Interestingly, according to Schawbel’s study with the Workforce Institute, “this younger generation is more likely to boomerang back to a former employer when they’ve experienced other company cultures and realized what they’ve missed.”

5. Complaining about work issues comes with the territory. “When have young people not felt like they weren’t paid enough?” asks Arnett.

Nearly 4 in 5 Millennials he surveyed said they often feel they don’t make enough money. And more than 3 in 5 are unhappy with some aspect of their current job — either their work/life balance, salary or both.

Overall, 70 percent said they haven’t made as much progress in their careers as they had hoped. “That’s always been inevitable,” says Arnett. “You’re starting at the bottom.”

Where Arnett and I Part Ways

But I have to disagree with Arnett about one of his views based on the poll finding that 66 percent of respondents felt uncertain about navigating personal finances. (My niece, Caitlin Bonney, expressed this sentiment perfectly in a Next Avenue blog she wrote after graduating from the University of Richmond: “As a finance major, I was initially embarrassed to admit [to my aunt] how much I didn’t know about credit cards, renter’s insurance and bank accounts.”)

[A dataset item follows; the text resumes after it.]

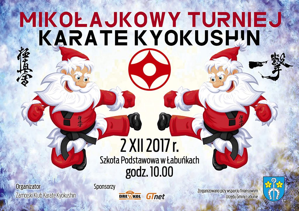 Zamojski Klub Karate Kyokushin zaprasza 2 grudnia 2017 r. do hali sportowej Szkoły Podstawowej w Łabuńkach Pierwszych na Mikołajkowy Turniej Karate Kyokushin.

Arnett says: “You don’t have to panic because at 22 they don’t have a 401(k). That’s the last thing on their minds, honestly. They have more immediate concerns and more immediate needs.”

Maybe so, but I firmly believe it’s the responsibility of parents — and aunts, uncles and grandparents — to push young adults to ramp up their financial smarts and save for their futures. OK, so they can wait to age 23 to start putting money into a 401(k) or a Roth IRA.